I compared the speed of substr, format, and use of lubridate. It seems that lubridate and format are much faster than substr, if the the variable is stored as date. However, substr would be fastest if the variable is stored as character vector. The results of a single run is shown.
x <- sample(
seq(as.Date('1000/01/01'), as.Date('2000/01/01'), by="day"),
400000, replace = T)
system.time({
y <- substr(x, 1, 4)
m <- substr(x, 6, 7)
d <- substr(x, 9, 10)
})
# user system elapsed
# 3.775 0.004 3.779
system.time({
y <- format(x,"%y")
m <- format(x,"%m")
d <- format(x,"%d")
})
# user system elapsed
# 1.118 0.000 1.118
system.time({
y <- year(x)
m <- month(x)
d <- day(x)
})
# user system elapsed
# 0.951 0.000 0.951
x1 <- as.character(x)
system.time({
y <- substr(x1, 1, 4)
m <- substr(x1, 6, 7)
d <- substr(x1, 9, 10)
})
# user system elapsed
# 0.082 0.000 0.082
Not sure if this will solve your speed issues but here is a nicer way of doing it using dplyr and lubridate. In general when it comes to manipulating data.frames I personally recommend using either data.tables or dplyr. Data.tables is supposed to be faster but dplyr is more verbose which I personally prefer as I find it easier to pick up my code after not having read it for months.
library(dplyr)
library(lubridate)
dat <- data.frame( mother_id = c(1,2,3),
dateOfBirth = ymd(c( "1962-09-24" ,"1991-02-19" ,"1978-11-11"))
)
dat %>% mutate( year = year(dateOfBirth) ,
month = month(dateOfBirth),
day = day(dateOfBirth) )
Or you can use the mutate_each function to save having to write the variable name multiple times (though you get less control over the name of the output variables)
dat %>% mutate_each( funs(year , month , day) , dateOfBirth)
Here are some solutions. These solutions each (i) use 1 or 2 lines of code and (ii) return numeric year, month and day columns. In addition, the first two solutions use no packages -- the third uses chron's month.day.year function.
1) POSIXlt Convert to "POSIXlt" class and pick off the parts.
lt <- as.POSIXlt(DF$dateOfBirth, origin = "1970-01-01")

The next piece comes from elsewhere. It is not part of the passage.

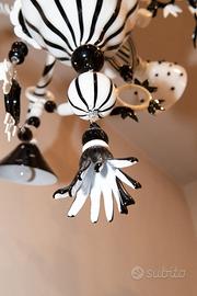 LAMPADARIO CLASSICO DE MAIO IN VETRO NERO E BIANCO MOLTO ORIGINALE CON OTTO BRACCETTI E 8 LAMPADINE
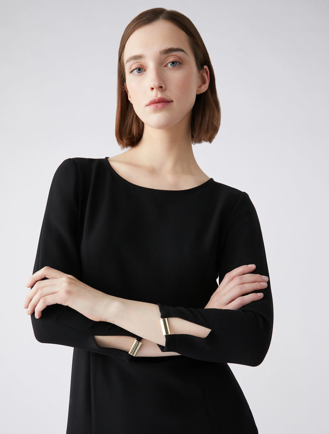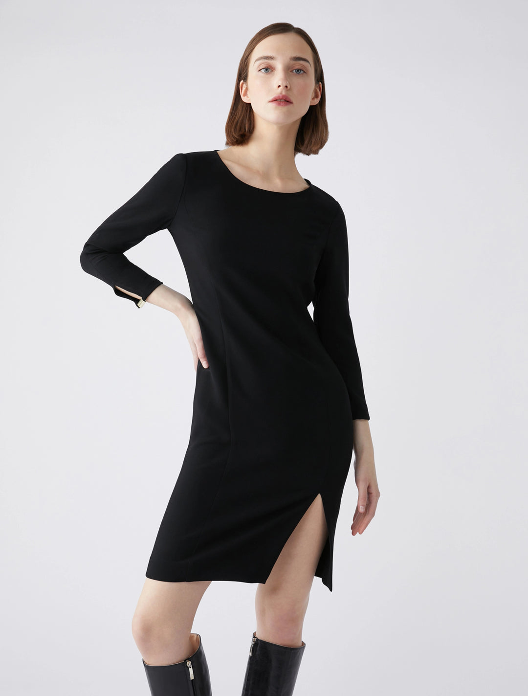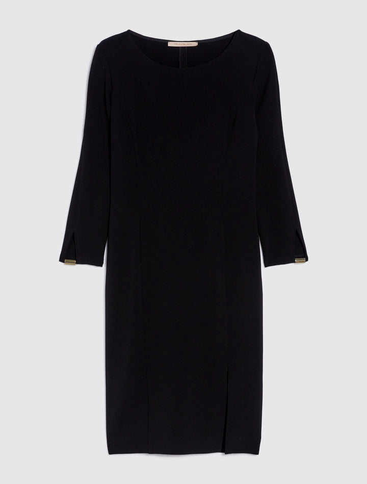 - Αυτό το φόρεμα είναι ένα must-have. Στρογγυλεμένη λαιμόκοψη, μανίκια τρία τέταρτα με κομμένη λεπτομέρεια και μεταλλική μπάρα, σκίσιμο μπροστά. Κρυφό φερμουάρ, χωρίς επένδυση.

transform(DF, year = lt$year + 1900, month = lt$mon + 1, day = lt$mday)
giving:
mother_id dateOfBirth year month day
1 1 1962-09-24 1962 9 24
2 2 1991-02-19 1991 2 19
3 3 1978-11-11 1978 11 11
2) read.table
cbind(DF, read.table(text = format(DF$dateOfBirth), sep = "-",
col.names = c("year", "month", "day")))
giving:
mother_id dateOfBirth year month day
1 1 1962-09-24 1962 9 24
2 2 1991-02-19 1991 2 19
3 3 1978-11-11 1978 11 11
3) chron::month.day.year
library(chron)
cbind(DF, month.day.year(DF$dateOfBirth))
giving:
mother_id dateOfBirth month day year
1 1 1962-09-24 9 24 1962
2 2 1991-02-19 2 19 1991
3 3 1978-11-11 11 11 1978
Note 1: Often when year, month and day are added to data it is not really necessary and in fact they could be generated on the fly when needed using format, substr or as.POSIXlt so you might critically examine whether you actually need to do this.
Note 2: The input data frame, DF in reproducible form, was assumed to be:
Lines <- "mother_id,dateOfBirth
1,1962-09-24
2,1991-02-19
3,1978-11-11"
DF <- read.csv(text = Lines)
Use format once for each part:
dss_individuals$dayOfBirth <- format(dss_individuals$dateOfBirth,"%d")
dss_individuals$monthOfBirth <- format(dss_individuals$dateOfBirth,"%m")
dss_individuals$yearOfBirth <- format(dss_individuals$dateOfBirth,"%Y")
Check the substr function from the base package (or other functions from the nice stringr package) to extract different parts of a string. This function may assume that day, month and year are always in the same place and with the same length.
The strsplit function is vectorized so using rbind.data.frame to convert your list to a dataframe works:
do.call(rbind.data.frame, strsplit(df$dateOfBirth, split = '-'))
Results need to be transposed in order to be used: you can do it using do.call or the t function.